▶ Required work: Could you write out exactly, and only, the lines from the one containing "绉纱雪纺短上衣,绣花网布上幅,长袖袖口有弹性,圆边后摆稍长。" through the last line of the data, leaving out all pictures?

▶ Records shown:
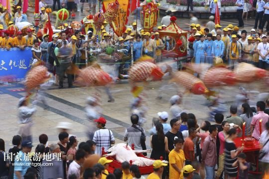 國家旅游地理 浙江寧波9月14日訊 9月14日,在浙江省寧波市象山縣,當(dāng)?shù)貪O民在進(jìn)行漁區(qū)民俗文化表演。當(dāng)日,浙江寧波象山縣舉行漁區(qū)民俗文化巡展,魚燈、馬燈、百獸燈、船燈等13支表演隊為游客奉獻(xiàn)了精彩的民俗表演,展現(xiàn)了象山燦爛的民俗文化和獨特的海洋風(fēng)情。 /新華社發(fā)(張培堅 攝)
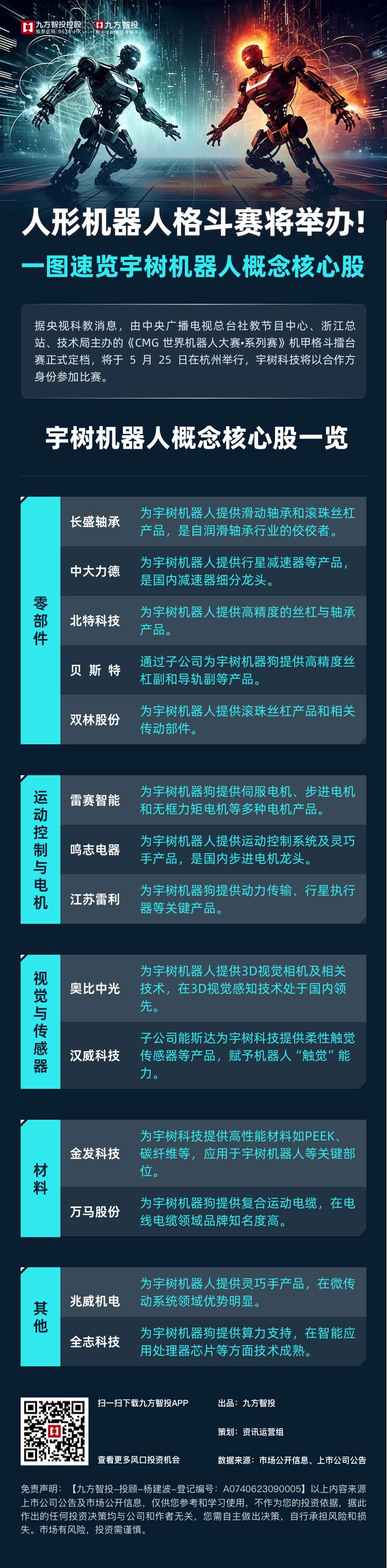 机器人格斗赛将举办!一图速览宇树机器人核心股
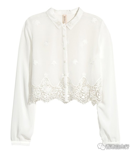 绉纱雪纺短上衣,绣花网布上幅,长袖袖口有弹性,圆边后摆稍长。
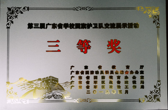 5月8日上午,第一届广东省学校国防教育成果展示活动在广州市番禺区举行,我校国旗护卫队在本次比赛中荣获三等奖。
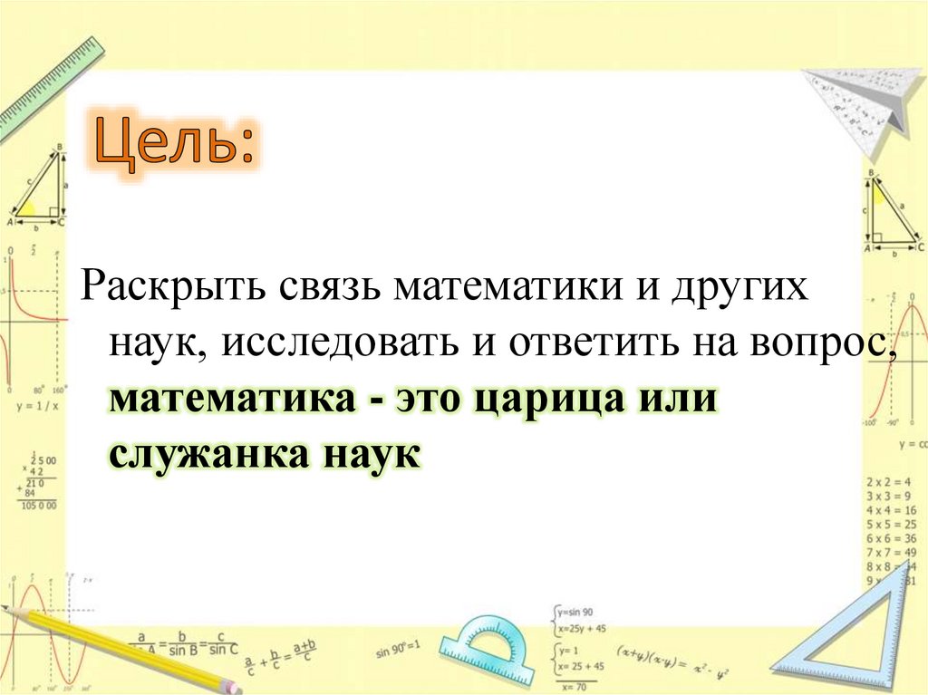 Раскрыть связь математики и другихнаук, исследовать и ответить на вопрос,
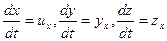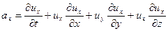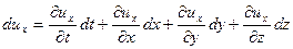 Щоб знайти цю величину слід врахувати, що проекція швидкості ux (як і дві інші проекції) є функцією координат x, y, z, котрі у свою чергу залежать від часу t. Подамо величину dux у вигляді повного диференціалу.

▶ Your solution:
 绉纱雪纺短上衣,绣花网布上幅,长袖袖口有弹性,圆边后摆稍长。
 5月8日上午,第一届广东省学校国防教育成果展示活动在广州市番禺区举行,我校国旗护卫队在本次比赛中荣获三等奖。
 Раскрыть связь математики и другихнаук, исследовать и ответить на вопрос,
 Щоб знайти цю величину слід врахувати, що проекція швидкості ux (як і дві інші проекції) є функцією координат x, y, z, котрі у свою чергу залежать від часу t. Подамо величину dux у вигляді повного диференціалу.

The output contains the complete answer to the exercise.